Exposure of Zuzana Licko's fonts through the magazine led to VanderLans and Licko founding Emigre Fonts in 1985. VanderLans’ main contribution to Emigre Fonts continue to be his type specimen designs. In a review of the book Emigre Fonts: Type Specimens 1986-2016, critic Kenneth FitzGerald remarked that “Emigre’s specimens are notable for the negotiation of practical considerations and creative idealism—the essence of all graphic design. They demonstrate an adept dovetailing of these concerns, crafting a format that stimulates desire then provides an efficient vehicle for satisfying it. A balance is struck between providing an enthusing context for the type while not overwhelming it. Though far from 'neutral,' the framework is evocative and clear.”
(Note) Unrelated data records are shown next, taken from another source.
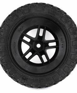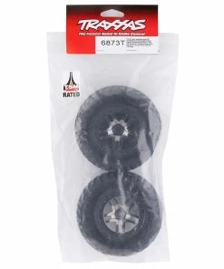 This is a set of two Traxxas BFGoodrich Mud-Terrain TA Tires, Pre-Mounted on SCT Split-Spoke Wheels. These are intended for use on the front and rear of the Traxxas Slash 4×4, as well as the rear of the Traxxas Slash 2wd trucks. These are the fully licensed BFGoodrich Mud-Terrain T/A tires, and have been proven performers in TORC series competition. The distinctive tread design has been faithfully re-created, complete with white sidewall lettering and is available in both standard “hard’ and race proven “S1” soft compounds to suit a variety of conditions. Standard compound is a long wearing rubber blend that will stand up to abuse on concrete and pavement, while S1 compound delivers precise steering and incredible grip for the Slash 4X4, and is ideal for improving rear bite on the 2WD Slash.Â
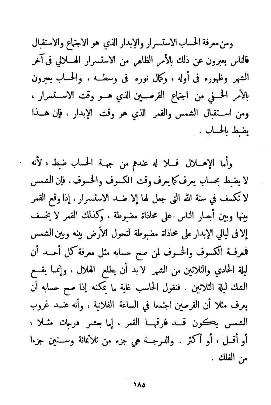 وَمِنْ مَعْرِفَةِ الْحِسَابِ الِاسْتِسْرَارُ وَالْإِبْدَارُ الَّذِي هُوَ الِاجْتِمَاعُ وَالِاسْتِقْبَالُ فَالنَّاسُ يُعَبِّرُونَ عَنْ ذَلِكَ بِالْأَمْرِ الظَّاهِرِ مِنْ الِاسْتِسْرَارِ الْهِلَالِيِّ فِي آخِرِ الشَّهْرِ وَظُهُورِهِ فِي أَوَّلِهِ وَكَمَالِ نُورِهِ فِي وَسَطِهِ والحساب يُعَبِّرُونَ بِالْأَمْرِ الْخَفِيِّ مِنْ اجْتِمَاعِ الْقُرْصَيْنِ الَّذِي هُوَ وَقْتُ الِاسْتِسْرَارِ وَمِنْ اسْتِقْبَالِ الشَّمْسِ وَالْقَمَرِ الَّذِي هُوَ وَقْتُ الْإِبْدَارِ فَإِنَّ هَذَا يُضْبَطُ بِالْحِسَابِ. وَأَمَّا الْإِهْلَالُ فَلَا لَهُ عِنْدَهُمْ مِنْ جِهَةِ الْحِسَابِ ضَبْطٌ؛ لِأَنَّهُ لَا يُضْبَطُ بِحِسَابٍ يُعْرَفُ كَمَا يُعْرَفُ وَقْتُ الْكُسُوفِ وَالْخُسُوفِ فَإِنَّ الشَّمْسَ لَا تَكْسِفُ فِي سُنَّةِ اللَّهِ الَّتِي جَعَلَ لَهَا إلَّا عِنْدَ الِاسْتِسْرَارِ إذَا وَقَعَ الْقَمَرُ بَيْنَهَا وَبَيْنَ أَبْصَارِ النَّاسِ عَلَى مُحَاذَاةٍ مَضْبُوطَةٍ وَكَذَلِكَ الْقَمَرُ لَا يَخْسِفُ إلَّا فِي لَيَالِي الْإِبْدَارِ عَلَى مُحَاذَاةٍ مَضْبُوطَةٍ لِتَحَوُّلِ الْأَرْضِ بَيْنَهُ وَبَيْنَ الشَّمْسِ فَمَعْرِفَةُ الْكُسُوفِ وَالْخُسُوفِ لِمَنْ صَحَّ حِسَابُهُ مِثْلُ مَعْرِفَةِ كُلِّ أَحَدٍ أَنَّ لَيْلَةَ الْحَادِيَ وَالثَّلَاثِينَ مِنْ الشَّهْرِ لَا بُدَّ أَنْ يَطْلُعَ الْهِلَالُ وَإِنَّمَا يَقَعُ الشَّكُّ لَيْلَةَ الثَّلَاثِينَ. فَنَقُولُ الْحَاسِبُ غَايَةُ مَا يُمْكِنُهُ إذَا صَحَّ حِسَابُهُ أَنْ يَعْرِفَ مَثَلًا أَنَّ الْقُرْصَيْنِ اجْتَمَعَا فِي السَّاعَةِ الْفُلَانِيَّةِ وَأَنَّهُ عِنْدَ غُرُوبِ الشَّمْسِ يَكُونُ قَدْ فَارَقَهَا الْقَمَرُ إمَّا بِعَشْرِ دَرَجَاتٍ مَثَلًا أَوْ أَقَلَّ أَوْ أَكْثَرَ. وَالدَّرَجَةُ هِيَ جُزْءٌ مِنْ ثَلَاثِمِائَةٍ وَسِتِّينَ جُزْءًا مِنْ الْفَلَكِ.
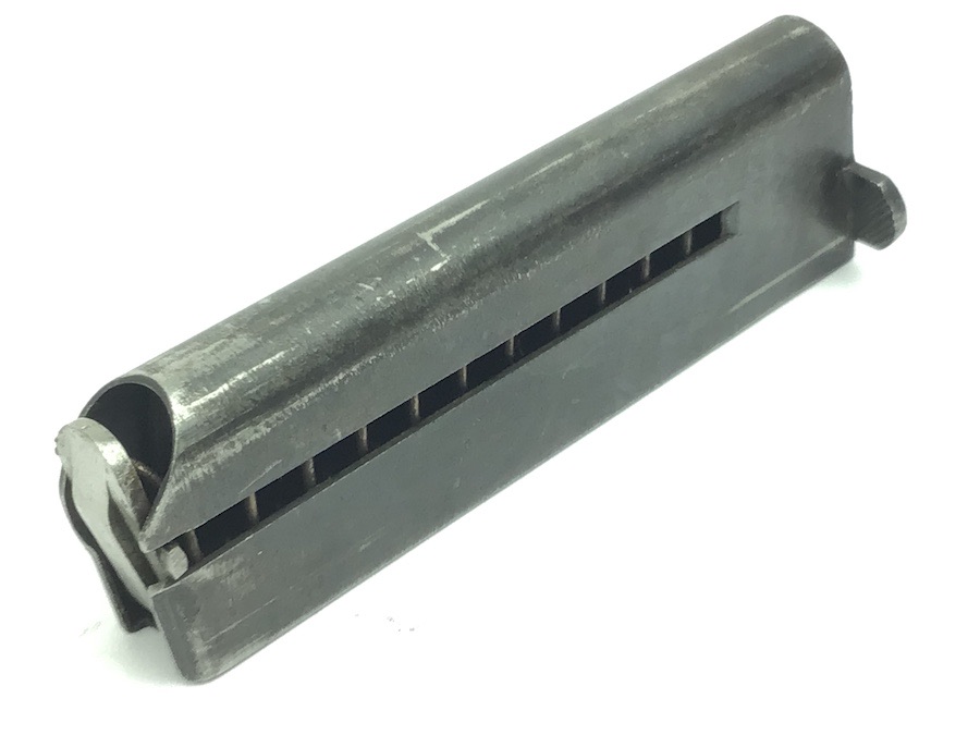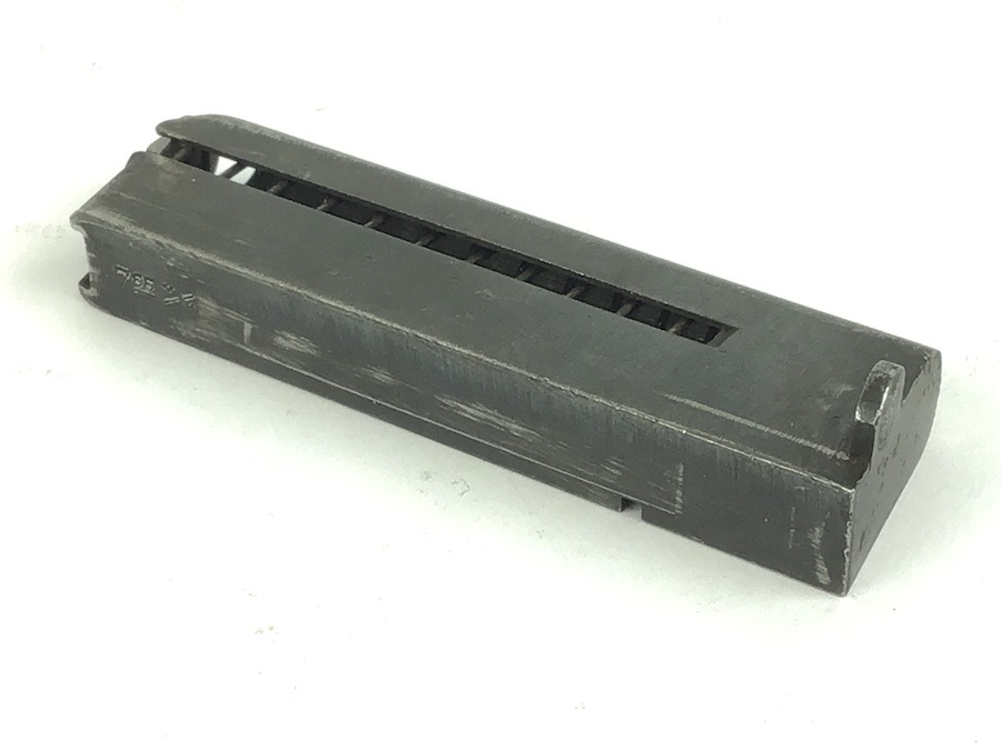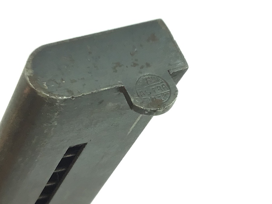 4/22/22 – This is an original WW2 era Astra model 300 magazine. The magazine is in 7.65mm browning. There is some mild surface wear and finish loss but no major issues or notable flaws. Stamped on the spine “7.65m/m”. Fully functional spring. The base is stamped with the Astra logo.
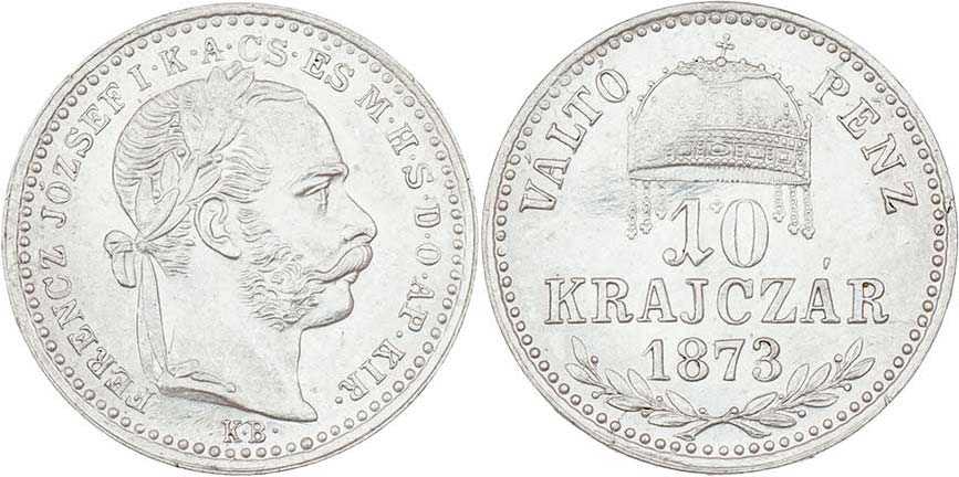 10 Krejcar 1873 KB, 1.613g, vada materiálu v reversu, nep.hr., nep.rysky, téměř R!
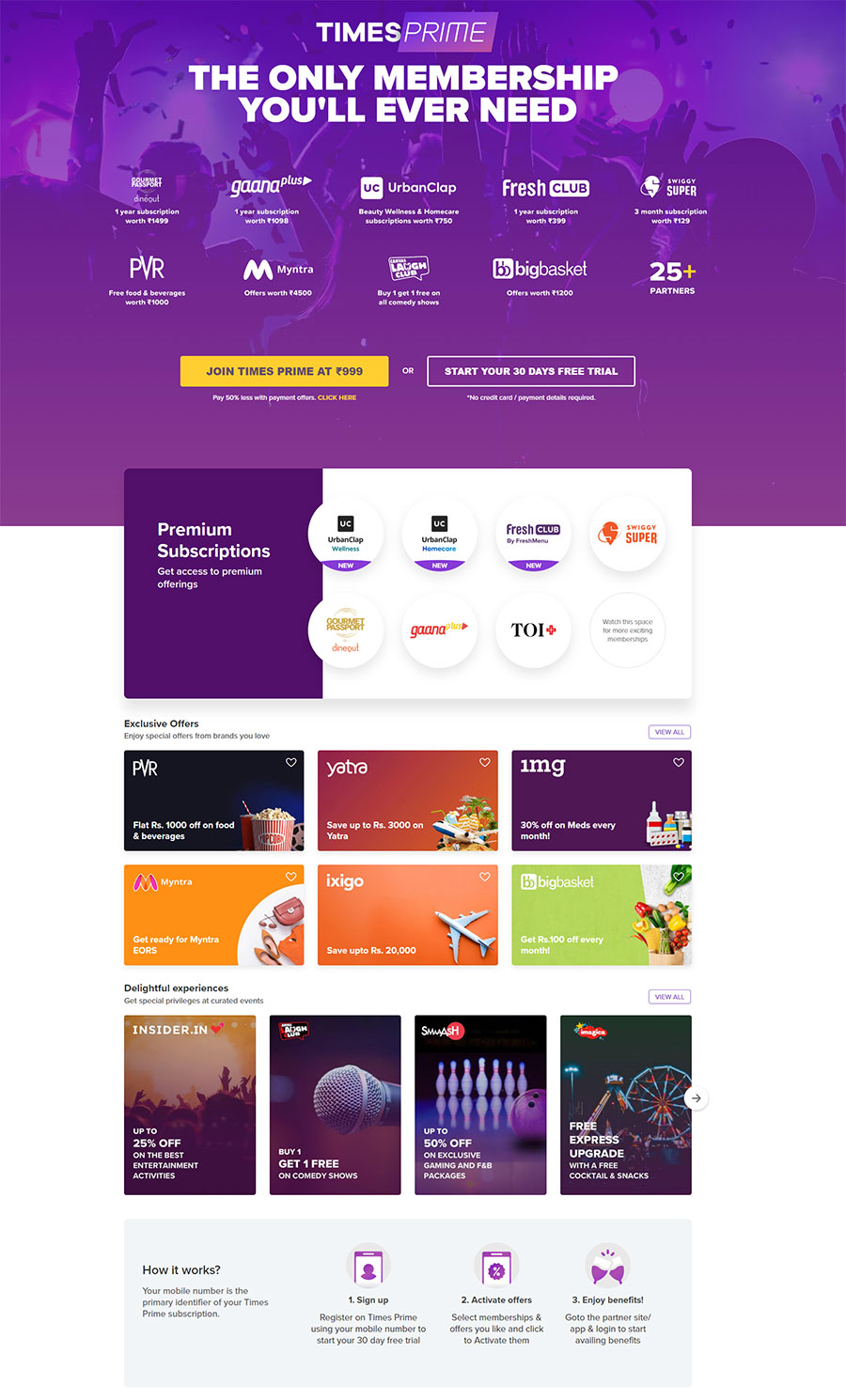 Get the Times Prime Premium Membership + 25 Partner Memberships & Exclusive Offers at Rs 999/year only! Additional 50% OFF using Payment Options and 30-days Trial.
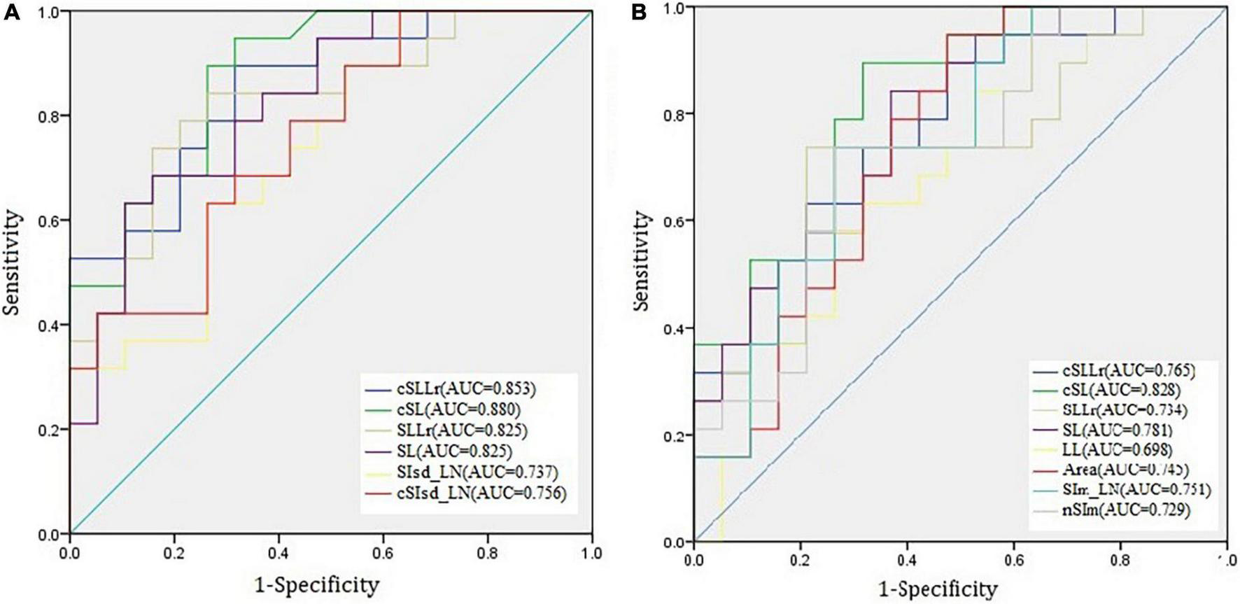 The receiver operating characteristic (ROC) curves of six indexes for multiple system atrophy-parkinsonian subtype vs. Parkinson’s disease (A) and eight indexes multiple system atrophy- parkinsonian subtype vs. control group (B).

VanderLans has received honorary Doctor of Arts degrees from Rhode Island School of Design (2004) and California Institute of the Arts in Valencia, California (2005).

==Books==
- Emigre (The Book): Graphic Design into the Digital Realm, New York, NY: Van Nostrand Reinhold; John Wiley & Sons, 1993
- Emigre: Rosbeek 43, Charles Nypels Award, 1998, Netherlands: Drukkerij Rosbeek, 1998
- Emigre No.70, Selections from Emigre Magazine #1 – #69, Berkeley, CA: Gingko Press, 2009
- Departures: Five Milestone Font Families by Emigre, Berkeley, CA: Emigre, 2011
- Emigre Fonts: Type Specimens 1986 - 2016, Berkeley, CA: Gingko Press, 2016

==Photography==

As a parallel interest to his design ventures, VanderLans has been photographing the California environment since he moved there from the Netherlands in 1981. He has authored a total of eleven photo books on the topic, and staged two solo exhibits at Gallery 16 in San Francisco.

Photography books

- Positively Palmtree, small artist book created as an artist in residence at the Visual Studies Workshop in Rochester NY, 1985.
- Picture the Southwest, small artist book, part of Emigre No. 7, 1987.
- Palm Desert, Berkeley, CA: Emigre, 1999
- Cucamonga, Berkeley, CA: Emigre, 2000
- Joshua Tree, Berkeley, CA: Emigre, 2001
- Supermarket, Berkeley, CA: Gingko Press, 2001
- Pages from an Imaginary Book, Paris, France, Onestar Press, 2003
- Bagdad, Californie, Berkeley, Rodez, France, Éditions du Rouergue, 2004
- Still Lifes, California, 2015
- Still Lifes, U.S.A., Berkeley, CA: Gingko Press, 2017
- Still Lifes, Tokyo, Berkeley, CA: Gingko Press, 2018
- Anywhere, California, Berkeley, CA: Gingko Press, 2020
- Oleander Sunset, Berkeley, CA: Gingko Press, 2021

==Awards==

- MacUser Desktop Publisher of the Year Award, 1986
- Chrysler Award for Innovation in Design, 1994
- Publish Magazine Impact Awards, 1996
- American Institute of Graphic Arts Gold Medal Award, 1997
- Charles Nypels Award for Excellence in Typography, 1998
- Honorary members of the Society of Typographic Arts, Chicago, 2010
- Society of Typographic Aficionados Annual Typography Award, 2013
- 29th New York Type Directors Club Medal, 2016

==Permanent collections==

- Denver Art Museum holds a complete set of Emigre magazine in their permanent collection.
- Design Museum in London holds a complete set of Emigre magazine in their permanent collection.
- Letterform Archive holds the Emigre Archives in their permanent collection.
- Museum für Gestaltung (Museum of Design, Zurich) holds Emigre magazine issues in their permanent collection.
- Museum of Modern Art in New York holds a complete set of Emigre magazine, and five digital fonts from the Emigre Fonts library in their permanent collection.
- Museum of Modern Art in San Francisco holds a complete set of Emigre magazine in their permanent collection.